Past speakers have included Serena Williams, Kim Kardashian, Gwyneth Paltrow, Gabrielle Union, Amy Schumer, Jessica Alba, Chelsea Clinton, Carla Hall, Sheryl Crow, Martha Stewart, Ava DuVernay, Arianna Huffington, and more.

===STYLECASTER===
On August 15, 2014, SHE Media purchased STYLECASTER Media Group in Manhattan to broaden its customer base, complement its existing market, and better target "young, cosmopolitan, and fashion-forward" women. It expected to realize $50 million in revenue from the combined organization, according to The Wall Street Journal, which reported that the $10 million purchase was an all-stock transaction. Founders Ari Goldberg and David Goldberg initially became part of the SheKnows organization. Editor-in-Chief Laurel Pinson also moved to SHE Media from STYLECASTER. The site was a Webby Award nominee and honoree for the Best Fashion & Beauty Site in 2015, 2016 and 2017.

=== HelloFlo ===
In April 2016, SHE Media acquired HelloFlo, a website designed to normalize the conversation about women’s and girls' bodies at every stage of life and the creator of viral videos like "Camp Gyno", "First Moon Party" and "A Visit from Aunt Flo". In 2017, HelloFlo was the winner of a Webby Award for Best Health Site. That same year, it received an OMMA Award for Best Health/Wellness site.

=== The #Femvertising Awards ===
The #Femvertising Awards, created by SHE Media, honor excellence in pro-female advertising. Based on a term now coined by CEO Samantha Skey in an article published in MediaPost in 2014, SHE Media launched the #Femvertising Awards the following year to celebrate ads that challenge social and gender norms through advertising. Since 2015, the term Femvertising and the #Femvertising Awards have been covered by a variety of media outlets, including NBC Nightly News, Adweek, The Huffington Post and more.

=== Hatch ===
SHE Media launched Hatch in 2015 to explore social issues impacting Generation Z.

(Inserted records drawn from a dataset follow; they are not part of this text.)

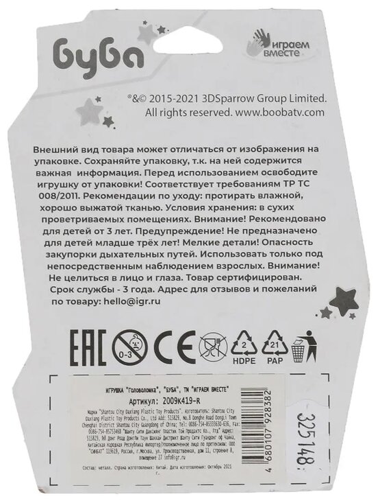 | Наименование модели | Головоломка Играем Вместе Буба |
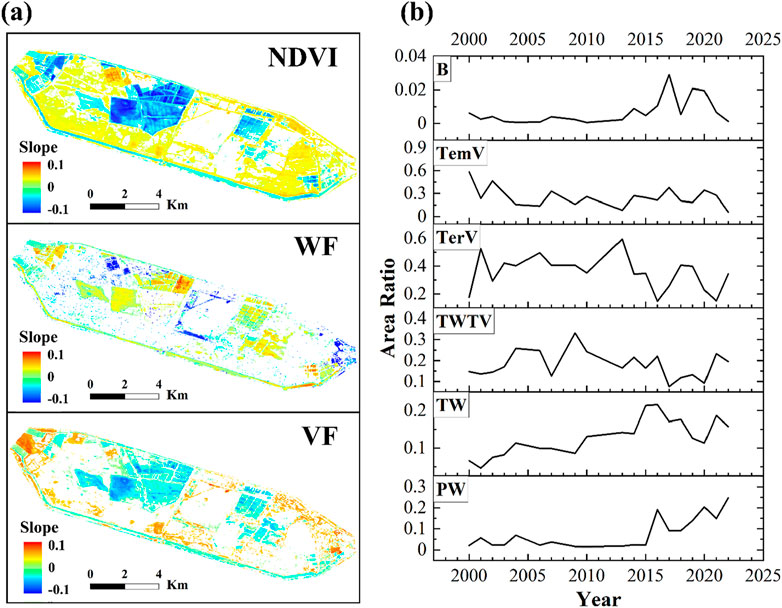 Figure 9. (a) Temporal changes of NDVI, WF and VF in Beidagang Wetland during 2000–2022. (b) The area ratio’s change of six land cover types during 2000–2022.
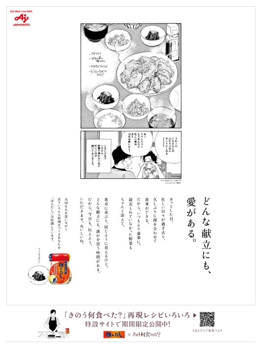 味の素株式会社(社長:藤江 太郎、本社:東京都中央区)は、当社の和風だしの素「ほんだし(R)」の、 “和風だしで毎日の食卓に安らぎやよろこびをもたらしたい、料理をつくる人を応援したい”というブランドコンセプトと、よしながふみ先生の人気漫画『きのう何食べた?』(講談社刊)で描かれている、“料理は、大切な人を思う時間”というメッセージを重ね、同作品とのコラボによる“どんな献立にも、愛がある。”をテーマとした企画を2024年8月1日(木)より開始します。

Hatch has been published in news outlets that include CNN, TIME, AdWeek, Upworthy, Buzzfeed, and more. In October 2017, Good Morning America featured the Hatch #DigitalDetox workshop, in which a group of 12- and 13-year-olds who belong to the program shared what it was like to give up social media, online games, streaming video, and texting for an entire week.